Could you retype exactly the lines below between the one holding "针对幼小衔接阶段的拼音学习,将宝贝需要掌" and the one holding "汉武帝天汉元年,匈奴向汉朝求", inclusive, leaving out any pictures?

== Segment start ==

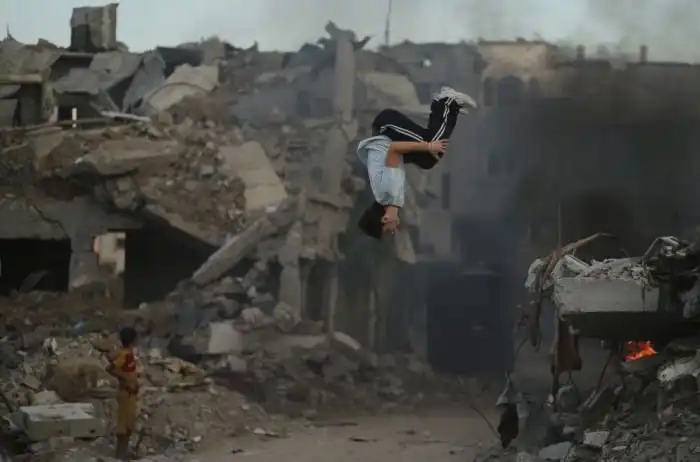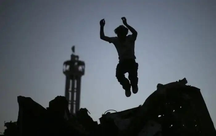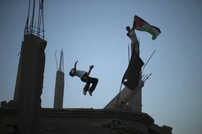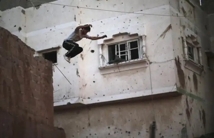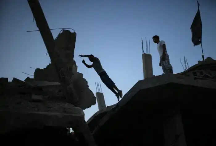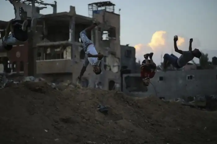 Один из фотографов агентства Reuters заснял подростков, живущих в секторе Газа и занимающихся паркуром на свежих, еще дымящихся руинах.
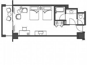 スタンダードタイプのお部屋で、8階の西側(国際会議場側)に設定がございます。
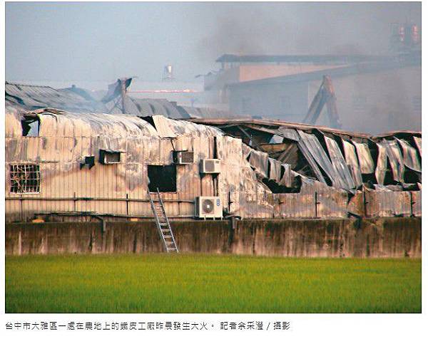 台中市大雅區一處在農地上的鐵皮工廠昨晨發生大火。 記者余采瀅/攝影
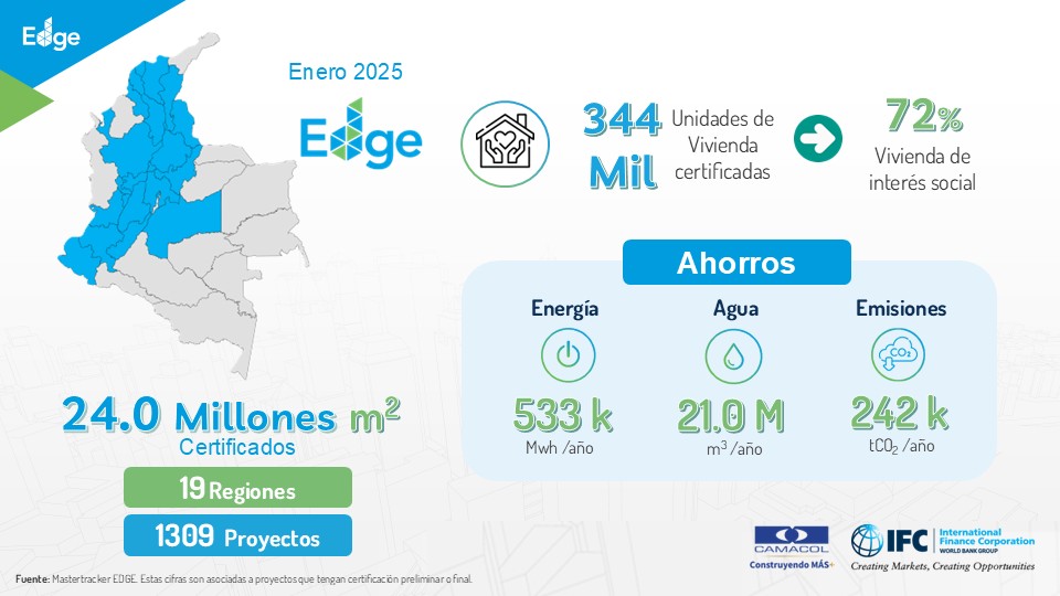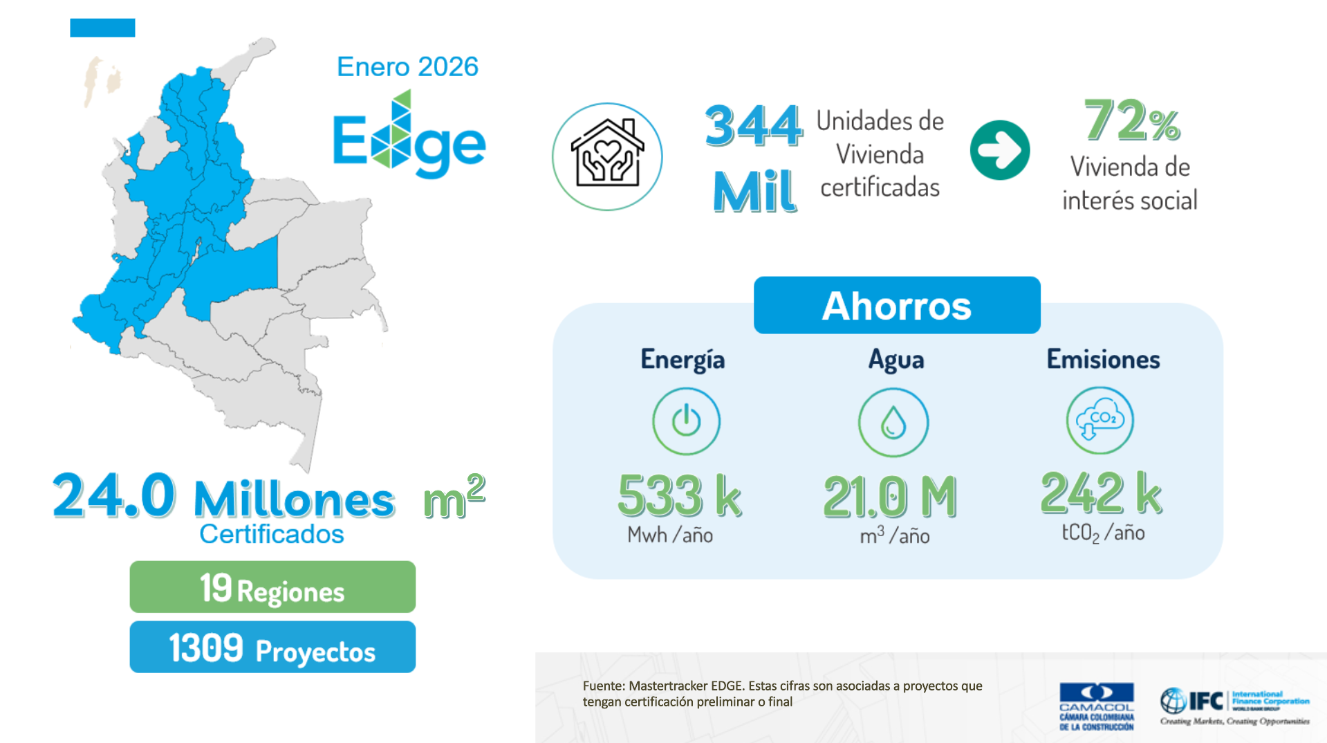 Edge es la certificación líder del país, actualmente cuenta con 24.0 millones de m2 certificados y 1309 proyectos (enero 2026), gracias a la gestión de Camacol la certificación EDGE ha logrado permear el mercado de vivienda en Colombia, contando con más de 344 mil unidades vivienda certificadas. El ahorro de recursos que representan estas cifras anualmente es significativo, dando un gran aporte para cumplir las metas sectoriales en acción climática.
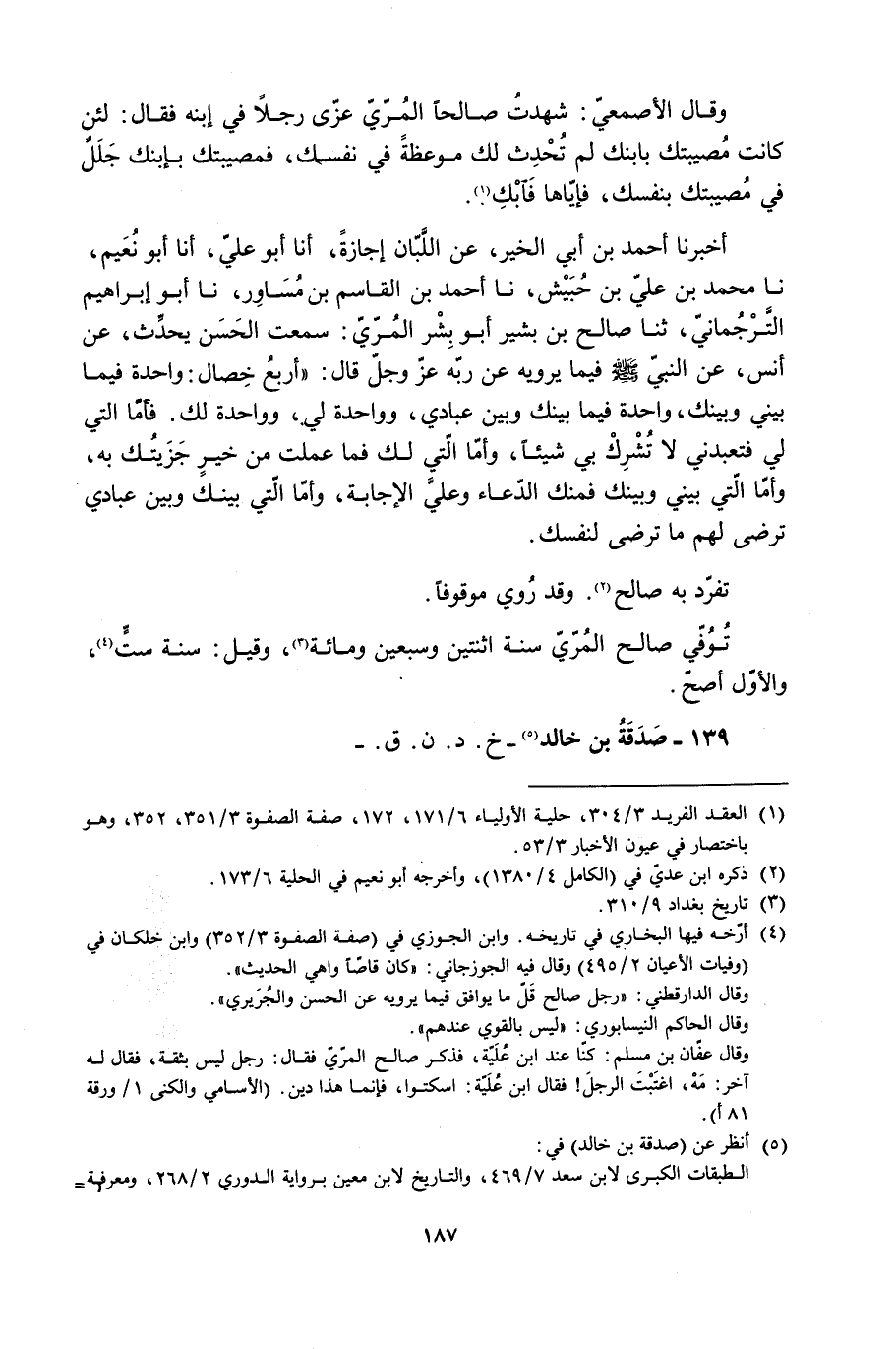 [4] أرّخه فيها البخاري في تاريخه. وابن الجوزي في (صفة الصفوة 3/ 352) وابن خلكان في (وفيات الأعيان 2/ 495) وقال فيه الجوزجاني: «كان قاصّا واهي الحديث» .
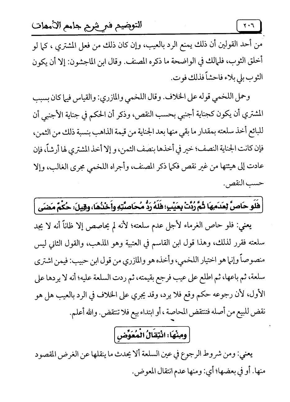 يعني: شروط الرجوع في عين السلعة ألا يحدث ما ينقلها عن الغرض المقصود منها. أو في بعضها؛ أي: ومنها عدم انتقال المعوض.
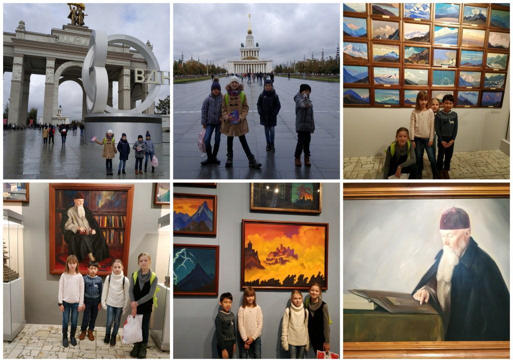 11 октября, в рамках олимпиады «Музеи. Парки. Усадьбы», учащиеся 3 класса «А» побывали в Музее Рерихов. В этом музее на ВДНХ экспонировано около 400 произведений, представляющих весь спектр художественного творчества Николая и Святослава Рерихов. В экспозицию вошли живописные полотна Рерихов, произведения восточной скульптуры, тибетские иконы (танки), собранные Николаем Рерихом в период научно-художественной экспедиции в Индию и Центральную Азию, которую художник предпринял в середине 1920-х годов. Живопись Николая Рериха, представленная в экспозиции, охватывает 45 лет его творческой жизни.
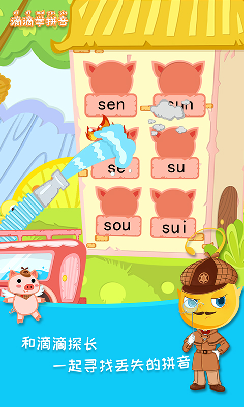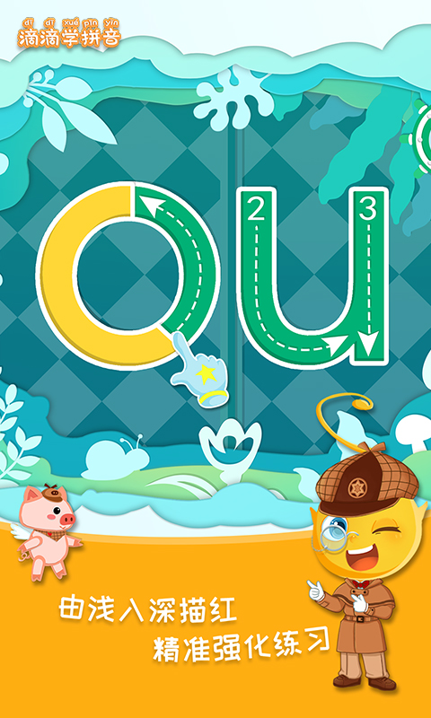 针对幼小衔接阶段的拼音学习,将宝贝需要掌握的单韵母、复韵母、声母等融入到精心设计的侦探故事之中。在轻松有趣的故事和游戏中自然掌握拼音。
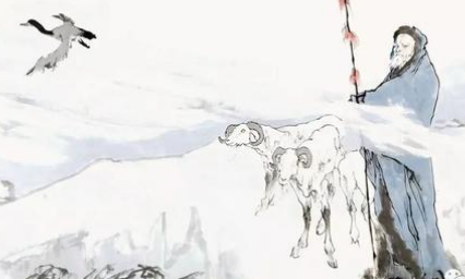 汉武帝天汉元年,匈奴向汉朝求和,于是,汉武帝就派中郎将苏武出使匈奴。苏武接受任务以后,带着使团及丰厚的礼物出发到匈奴。不料,反复无常的匈奴单于不但不感谢,反而受坏人挑唆,把苏武等人扣押起来,要苏武投降。金钱、高官厚禄、冻饿折磨,这些都没能使苏武屈服,他坚决不投降。没办法,单于只好下令将苏武送到北海边上(现在的西伯利亚贝加尔湖一带)去牧羊。并且对苏武说:“等公羊何时生了小羊,就送你回汉朝去!”公羊怎么能生小羊呢?用意十分明白,单于是坚决不放苏武回汉朝了。
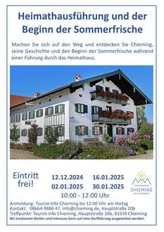 | Donnerstag, 12.12.2024 10:00 - 12:00 Uhr | Chieming entdecken – Heimathausführung und der Beginn der Sommerfrische Erleben Sie die Geschichte Chiemings bei einer kostenlosen Führung. Schon die Künstler entdeckten das Land für ihre Kunst als Maler, Literaten und Reiseschriftsteller und legten so den Grundstein für die Sommerfrische in Chieming. Kommen Sie mit auf diese Entdeckungstour in welcher Sie auch in die Historie und die Siedlungsgeschichte Chiemings eintauchen - denn auch während der Römerzeit war in unserer Region schon Einiges geboten! Bei trockenem Wetter und Interesse kann die Führung im Heimathaus auf eine Dorfführung ausgeweitet werden. Anmeldung in der Tourist-Info Chieming bis 12:00 Uhr am Vortag. Tel: 08664 9886 47 Ort: Heimathaus Chieming - Eingang Tourist-Info, Hauptstr. 20a, Chieming |
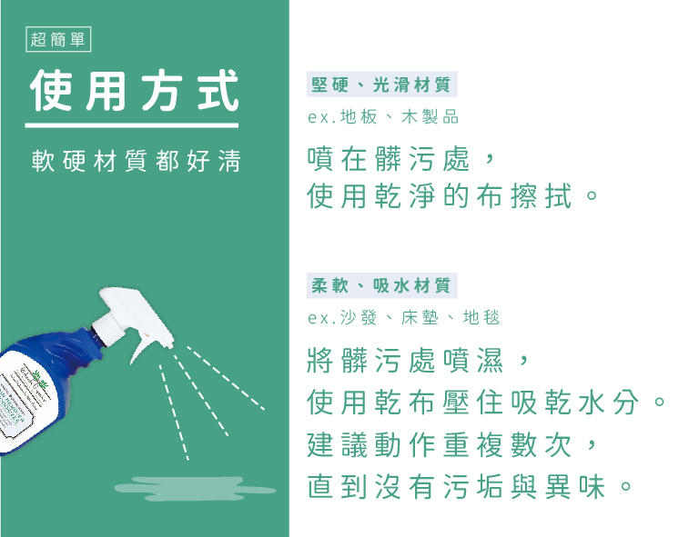 ✔ 適用於寵物尿漬,便便髒汙異味,嘔吐汙垢。
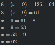 \[ 8 + (x - 3)^2 = 125 - 64 - 4 \]
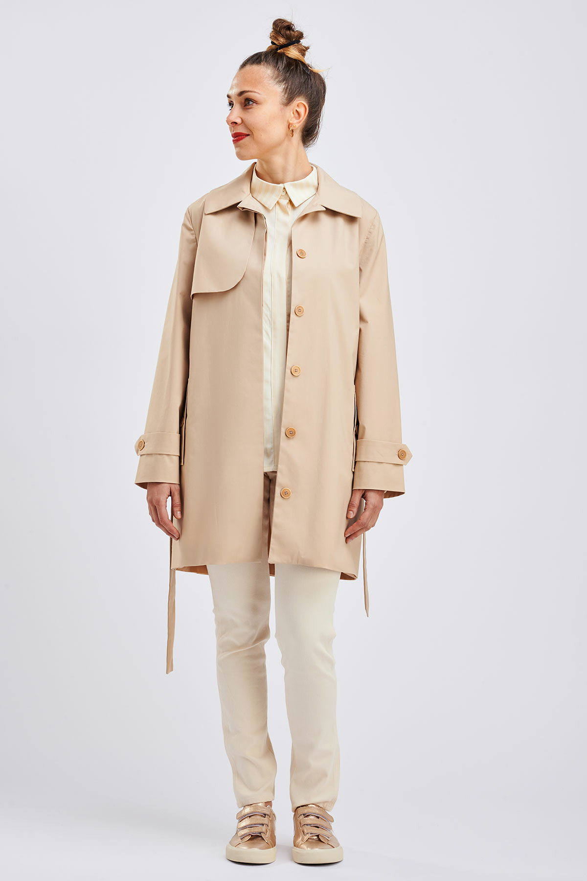 "I am Bob" est un trench avec une coupe droite et ajustée. Il a un bavolet fini avec une demie-boucle en métal au dos. Il a une patte de boutonnage cachée. On peut le choisir avec deux cols : un col droit montant, ou un col chemisier. Il a des manches montées avec, au bas, une patte de resserrage et deux boutons. Il est agrémenté d'une poche passepoilée avec un faux rabat boutonné. On peut le cintrer grâce à une ceinture amovible qui se finit en pointe à laquelle on a l’option d’ajouter une boucle et des œillets. Il suis entièrement doublé et il a une fente dans le dos. Il se décline en 4 longueurs : court (sous-fesse), mi-cuisse, genou et midi.

== Segment end ==

▶ ANSWER SPACE
 针对幼小衔接阶段的拼音学习,将宝贝需要掌握的单韵母、复韵母、声母等融入到精心设计的侦探故事之中。在轻松有趣的故事和游戏中自然掌握拼音。
 汉武帝天汉元年,匈奴向汉朝求和,于是,汉武帝就派中郎将苏武出使匈奴。苏武接受任务以后,带着使团及丰厚的礼物出发到匈奴。不料,反复无常的匈奴单于不但不感谢,反而受坏人挑唆,把苏武等人扣押起来,要苏武投降。金钱、高官厚禄、冻饿折磨,这些都没能使苏武屈服,他坚决不投降。没办法,单于只好下令将苏武送到北海边上(现在的西伯利亚贝加尔湖一带)去牧羊。并且对苏武说:“等公羊何时生了小羊,就送你回汉朝去!”公羊怎么能生小羊呢?用意十分明白,单于是坚决不放苏武回汉朝了。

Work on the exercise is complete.